Data excerpt section start
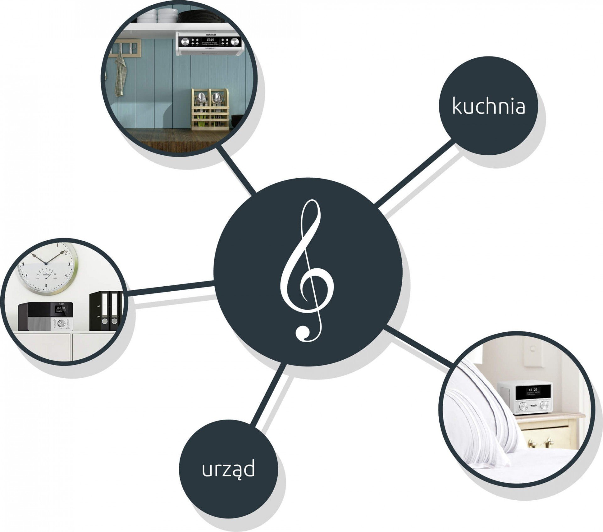 Z funkcją stremowania audio - Multiroom, możecie Państwo połączyć radia i głośniki w sieć współpracujących urządzeń. Tak utworzone grupy umożliwiają jednoczesne odtwarzanie ulubionej muzyki w całym domu. |
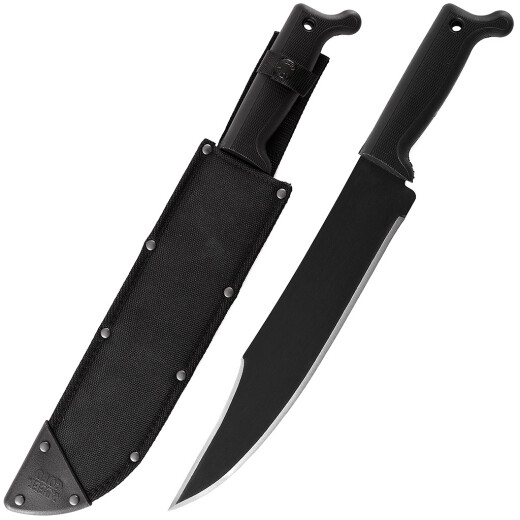 Fully sharpened (since 2016 on both main and false edges on customers' request), with a tough baked-on matte black rust-resistant coating and equipped with a sturdy Core-Ex™ sheath, this machete will be a proud addition to your collection.
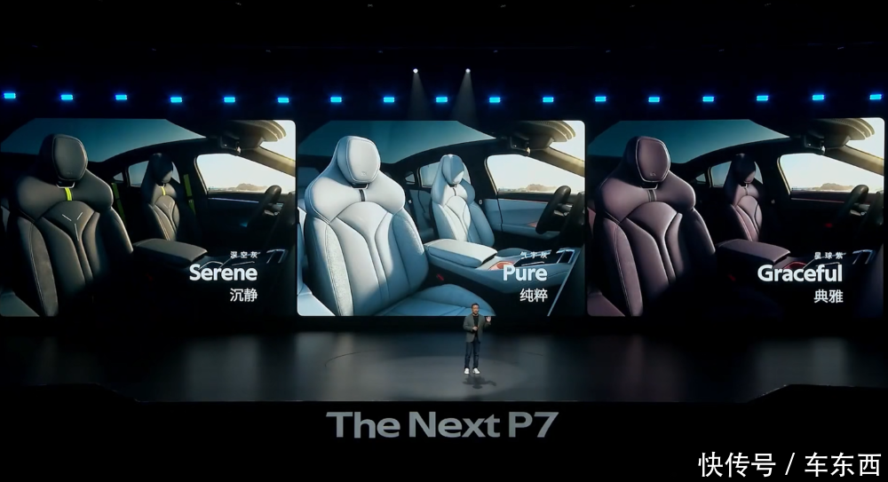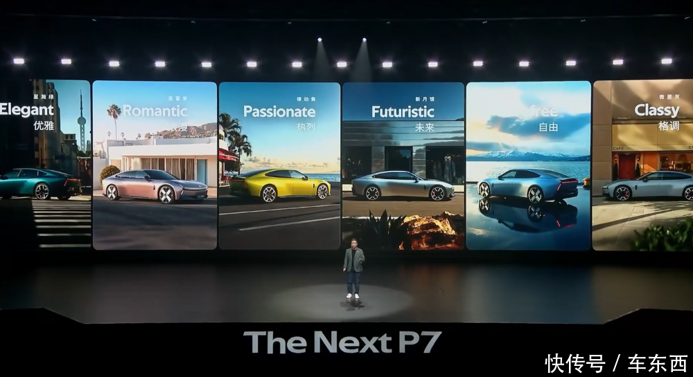 在发布会上,不同车漆颜色的全新小鹏P7依次登场,全新小鹏P7上台时车内还有嘉宾,与何小鹏一同展示全新小鹏P7的车漆颜色设计。
Data excerpt section end
**Problem**
Every line above should be returned word for word, with the pictures left behind.

**Answer section**
 Z funkcją stremowania audio - Multiroom, możecie Państwo połączyć radia i głośniki w sieć współpracujących urządzeń. Tak utworzone grupy umożliwiają jednoczesne odtwarzanie ulubionej muzyki w całym domu. |
 Fully sharpened (since 2016 on both main and false edges on customers' request), with a tough baked-on matte black rust-resistant coating and equipped with a sturdy Core-Ex™ sheath, this machete will be a proud addition to your collection.
 在发布会上,不同车漆颜色的全新小鹏P7依次登场,全新小鹏P7上台时车内还有嘉宾,与何小鹏一同展示全新小鹏P7的车漆颜色设计。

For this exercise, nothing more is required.